| TASK PROMPT |
Return exactly, please, the line that contains "feliz para ela." and every line after it through the end of the material that follows, leaving pictures aside.

_ _ _ _ _ _ _

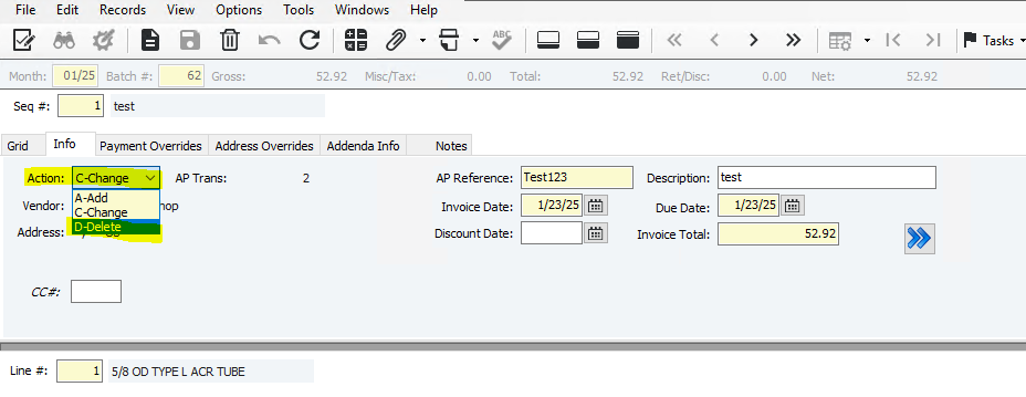6D. Click the dropdown menu next to "Action:" and select Delete
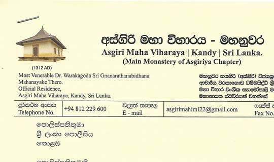 Read Moreසිද්ධිය අනාවරණයවූ විගස පොලීසිය ක්රියාත්මක වී සැකකරු අත්අඩංගුවට ගෙන තිබෙන බව දැන ගන්නට ලැබුණු බවත් එකී සිද්ධිය සම්බන්ධයෙන් තව දුරටත් පරීක්ෂණ සිදුකරන ලෙසත් අදාළ ලිපිය මගින් මහනාහිමියන් පොලිස්පතිවරයාගෙන් ඉල්ලා ඇත.
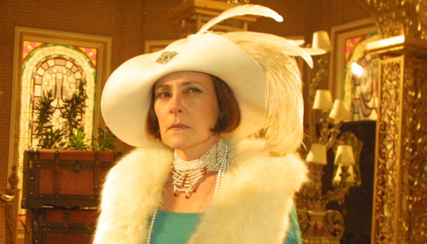 Em “Chocolate com Pimenta”, Elizabeth Savala é a intérprete da divertidíssima vilã Jezebel, que é irmã de Ludovico (Ary Fontoura) e presidente da fábrica de chocolates da cidade fictícia de Ventura. Mas, o futuro não será nada feliz para ela.
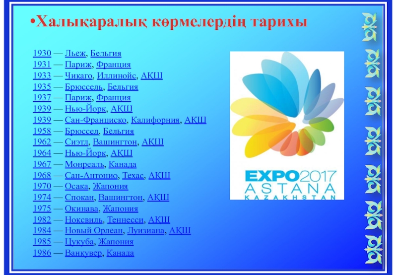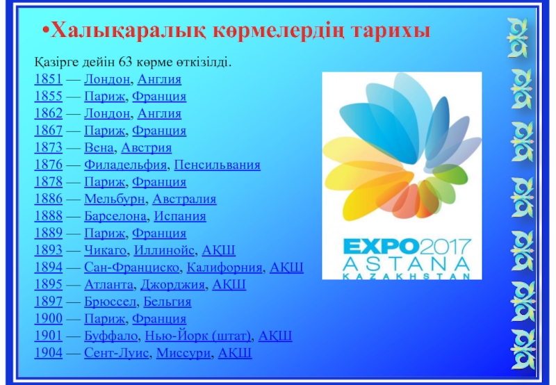 Слайд 6Халықаралық көрмелердің тарихы
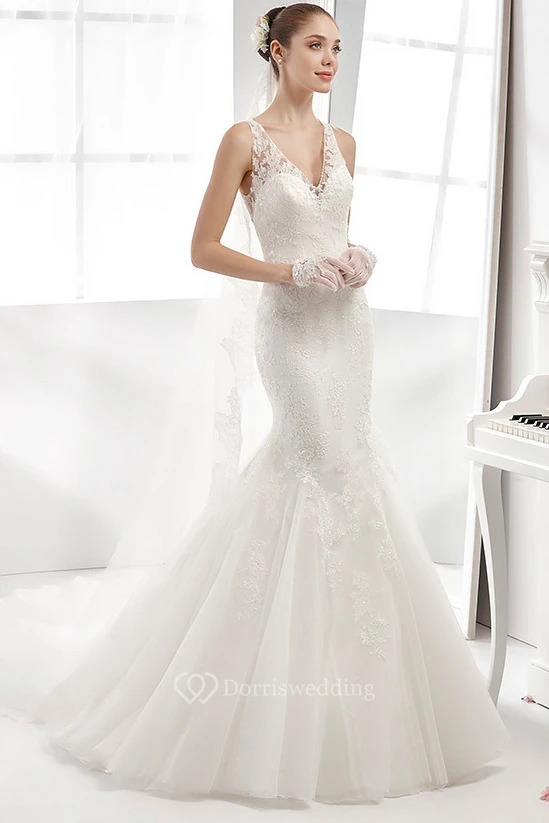Mermaid V-neck Lace Wedding Dress With Appliques And Illusion Back

_ _ _ _ _ _ _

| ANSWER |
 Em “Chocolate com Pimenta”, Elizabeth Savala é a intérprete da divertidíssima vilã Jezebel, que é irmã de Ludovico (Ary Fontoura) e presidente da fábrica de chocolates da cidade fictícia de Ventura. Mas, o futuro não será nada feliz para ela.
 Слайд 6Халықаралық көрмелердің тарихы
Mermaid V-neck Lace Wedding Dress With Appliques And Illusion Back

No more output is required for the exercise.